# New camera finally ordered!!!



## Danmunro_nz (Jun 15, 2013)

After 3 years of reliable service I am finally upgrading from my first DSLR, the 1000D had been great and I have learnt so much from it. However I am finding its shortcomings now and have ordered a brand new Canon 7D and 17-55 f2.8. Can't wait for it to arrive in the next few days. So excited.


----------



## tirediron (Jun 15, 2013)

Cool!  New gear is always good!


----------



## Danmunro_nz (Jun 15, 2013)

Sure is. Took me a long time to decide on the lens. Was considering 24-105 f4L, it's probably the better lens but its not wide enough for me nor is it f2.8.


----------



## JohnTrav (Jun 16, 2013)

Have fun with the 7D. I have one and I love it. It's a great camera.


----------



## o hey tyler (Jun 16, 2013)

riscenvan said:


> [FONT=&amp]humans aretalking of terraforming another world.[/FONT]



wat


----------



## Danmunro_nz (Jun 17, 2013)

It arrived today, what a beast compared to the 1000D. Now to get used to the layout.
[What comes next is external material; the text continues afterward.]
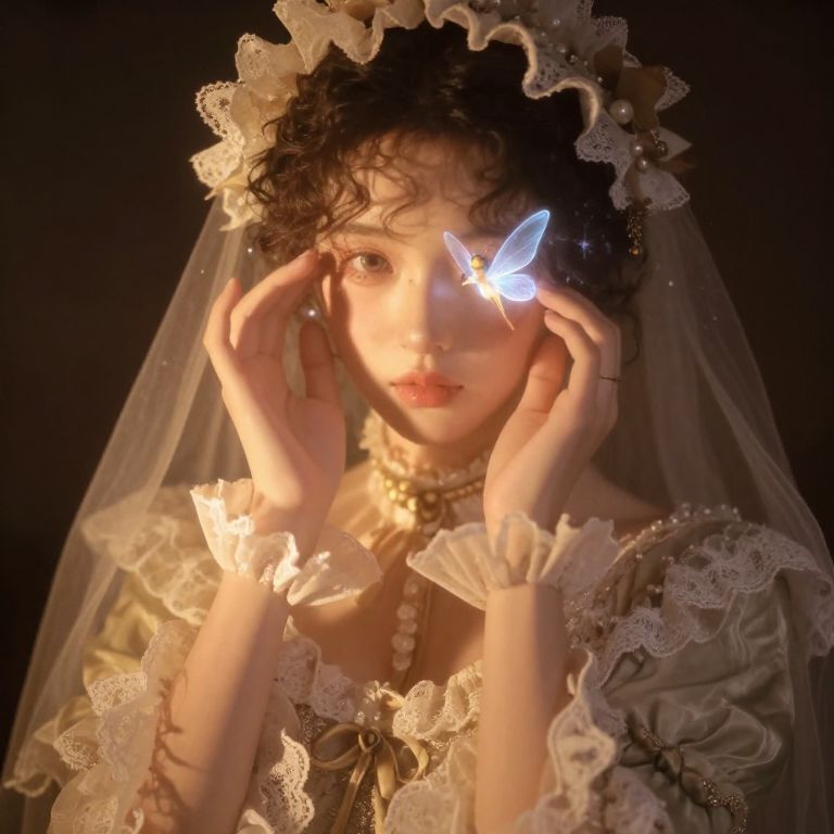 Imagine a hyper-realistic digital art composition depicting an enchanting scene from the viewpoint of a tiny insect perched on the delicate designs of an antique tea service in a dimly lit Victorian drawing room. The subject is a cryptic female figure with smooth alabaster skin and dark, flowing hair partially concealed by a lace shroud. She stands near an expansive window, her outline defined against the moonlit sky beyond. Her eyes shimmer under the faint glow of an old gas lamp, revealing a captivating depth that entices the observer. As the room is bathed in the soft, shifting light from the flickering flame, the ambiance exudes a haunting yet mesmerizing aura, drawing the audience into this mysterious and elegant realm.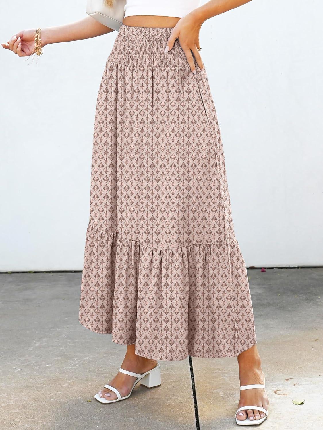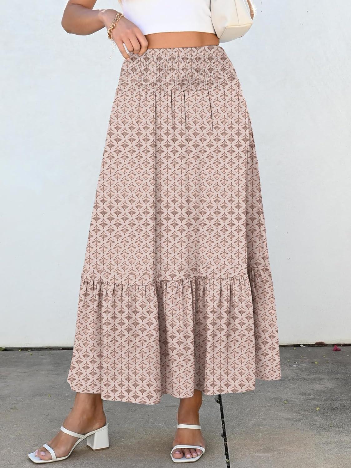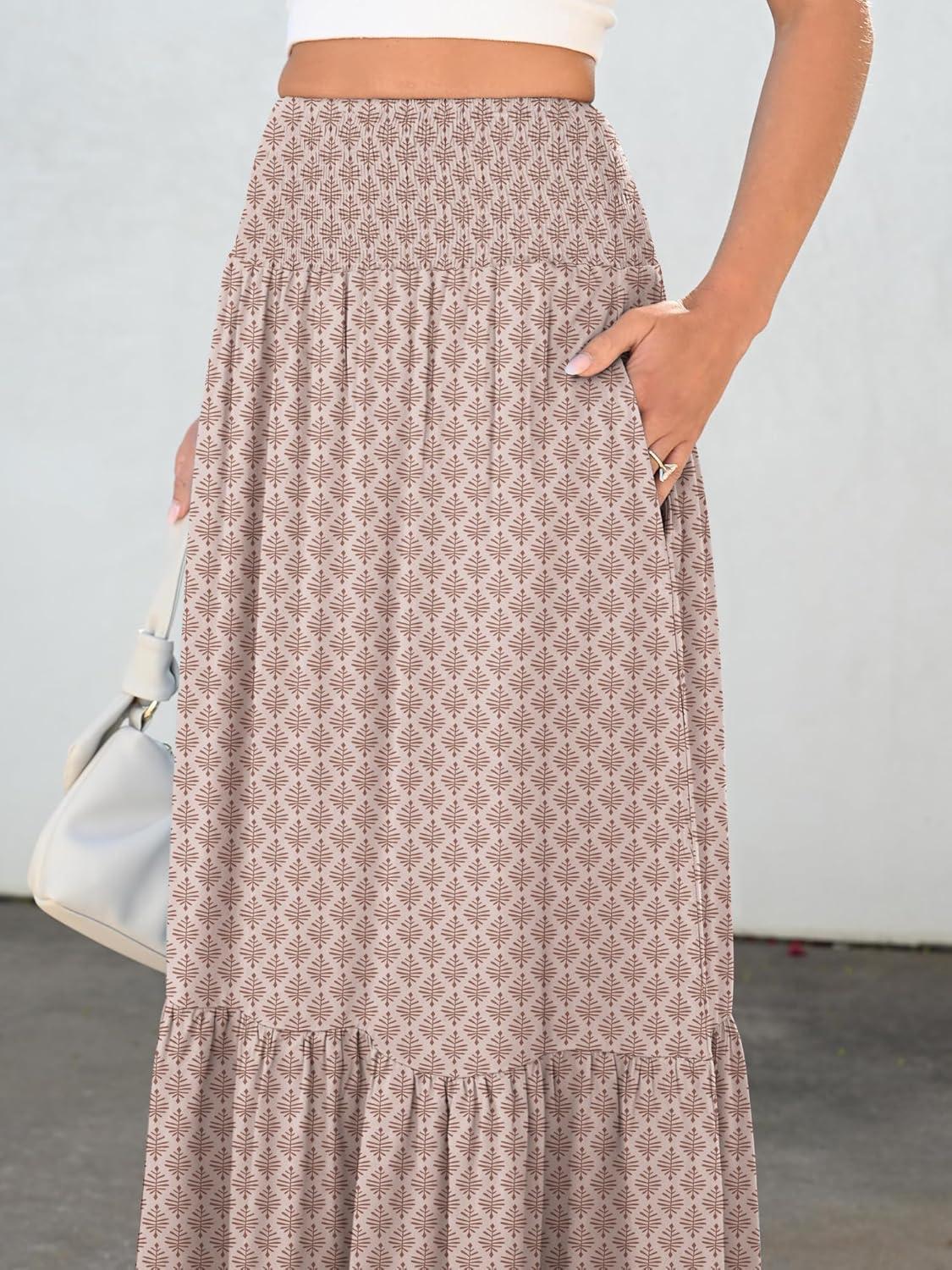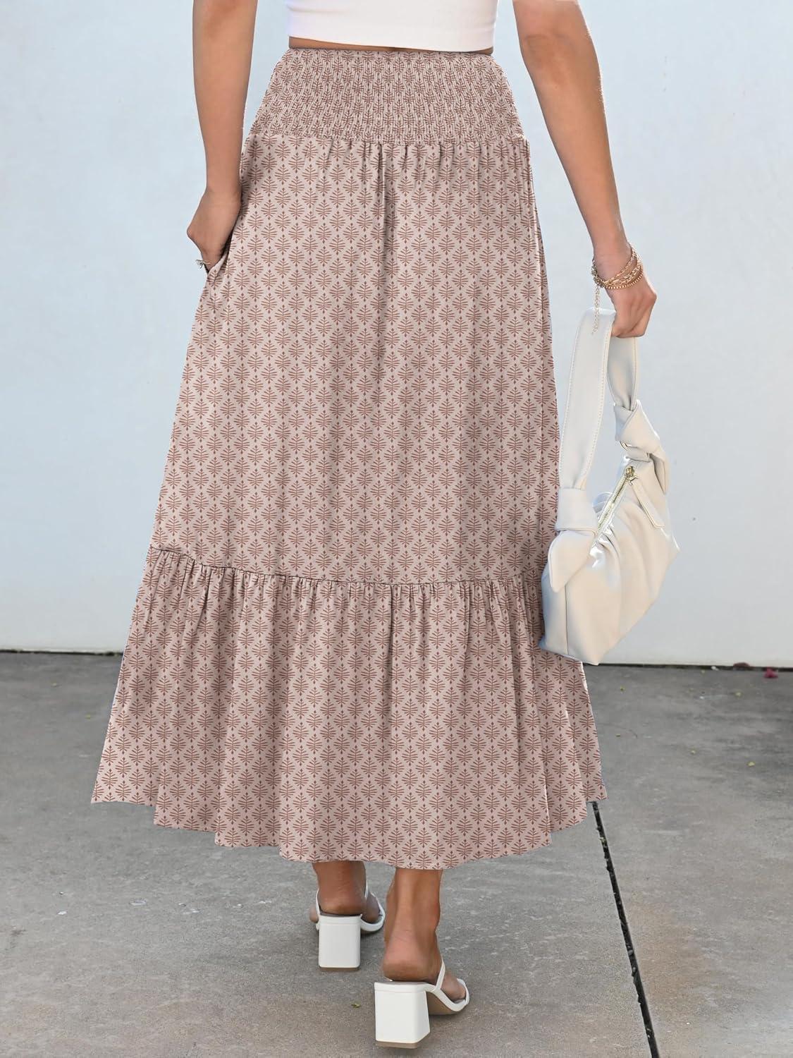 ANRABESS Maxi Skirts for Women 2025 Summer Boho Long Flowy Floral Elastic High Waist Skirt Casual Travel Skirt with Pockets(Brown Khaki)

Also hoping for the weather to improve so I can get out and play.


----------



## Surfwooder (Jun 19, 2013)

I just took delivery of my 7D 2 days ago.  I used to shoot with a 50D.  After several years using the 50D, the transition was not to harsh.  I took a bunch of photos yesterday at City Park, in New Orleans.  I used a Tamron 18-27mm lens.  All the photos were very good.  I just needed to get the "feel" of the 7D.  Now, I'm going to experiment with some video, bracketing, and some high speed burst shot.  Note, the 7D is heavier than the 50D, but the 7D is more ergo fit to the hand.  I'll be snapping on a long lens today for some test shots in the backyard, hopefully there will be something to shoot.  The weather here in New Orleans, has been really hot, not may animals, or birds moving about.

B


----------



## Danmunro_nz (Jun 20, 2013)

Yus the 7D is now complimented by the Canon 17-55 f2.8 is usm lens that arrived today. Had a wee play and so far I am very impressed by this lens.


----------



## stevensondrive (Jun 20, 2013)

congrats!!  I've heard great things about the 7D.  It appears to be a fast and sturdy piece of hardware!


----------